Aura is a cognitive memory layer that runs alongside your AI agent. It stores what the agent learns, organizes it automatically, and surfaces the most relevant context when the agent needs to answer a question.

Unlike a vector database, Aura doesn't just store and retrieve. It forms beliefs from accumulated evidence, discovers causal patterns over time, and generates advisory hints — all without any LLM calls.

The brain

Everything starts with Aura("./path"). This creates or opens a brain at the given directory. The brain stores everything to disk — it persists between script runs, server restarts, and deployments.

from aura import Aura

brain = Aura("./my_agent_brain")
# Creates: my_agent_brain/brain.cog, beliefs.cog, etc.

Store and Recall

Two operations you'll use constantly:

# Store — write something to memory
brain.store("content", tags=["optional", "tags"])

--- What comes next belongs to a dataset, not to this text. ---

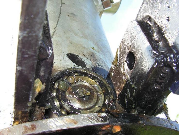 Pôvodne fixné prevedenie stredového anténneho systému s manuálnym nastavovaním AZ/EL uhla,ktoré prakticky vylučovalo pohodlnú obsluhu celého systému jednou osobou /dve osoby len so značnou námahou dokázali otáčať celou anténou čo platilo aj pre polohovanie elevačného uhla/, bolo nutné kompletne prebudovať,kde v konečnom dôsledku môže anténu bez akejkoľvek námahy otáčať a fixovať jej polohu každá osoba staršia 10. rokov. Na anténny tubus boli prizvárané na mieru vysústružené osky v počte 5 ks , na ktoré som na pevno nasadil ložiská,ktorých polohu som fixoval závlačkou.Celý antény systém som žeriavom vydvihol o 2 cm a okolo nosnej rúry bola prizváraná na mieru vysústružená oceľová obruč-dráha o hrúbke 12 mm , po ktorej sa pohybuje v krúživom pohybe 5 ks ložísk , ktorých poloha je samozrejme fixovaná maticami na tubuse antény.Nakoľko anténny systém je kvôli ťažisku a diferencii okolo 2 mm medzi nosnou rúrou a vnútorným priemerom anténneho tubusu vždy mierne naklonený do predu , funkciu polohovania v azimutálnom smere vždy preberajú 2-3 ložíská v závislosti od toho na ktorú stranu je anténa natočená.V pôvodnom návrhu manuálneho polohovania elevačného uhla je prakticky vylúčená jej každodenná obsluha pomocou jednej osoby.Funkciu polohovania EL uhla som vyriešil kombináciou tiahla 36" s protizávažím o hmotnosti okolo 150 kg,ktoré je umiestnené v klietke na princípe páky o dĺžke ramena 150 cm,ktorá spoľahlivo plní funkciu.

# Recall — find relevant memories for a query
results = brain.recall("your query", limit=5)
for r in results:
    print(r.content)      # the stored text
    print(r.confidence)   # how reliable is this memory
    print(r.tags)         # associated tags

How memory becomes knowledge

Aura automatically organizes stored records into higher layers during maintenance cycles:

RecordsRaw stored facts — what you wrote with store()
BeliefsGroups of related records weighted by evidence and confidence
ConceptsAbstractions discovered across stable beliefs
Causal PatternsCause-effect relationships found in the memory graph
Policy HintsAdvisory guidance derived from patterns — "prefer staging deploys"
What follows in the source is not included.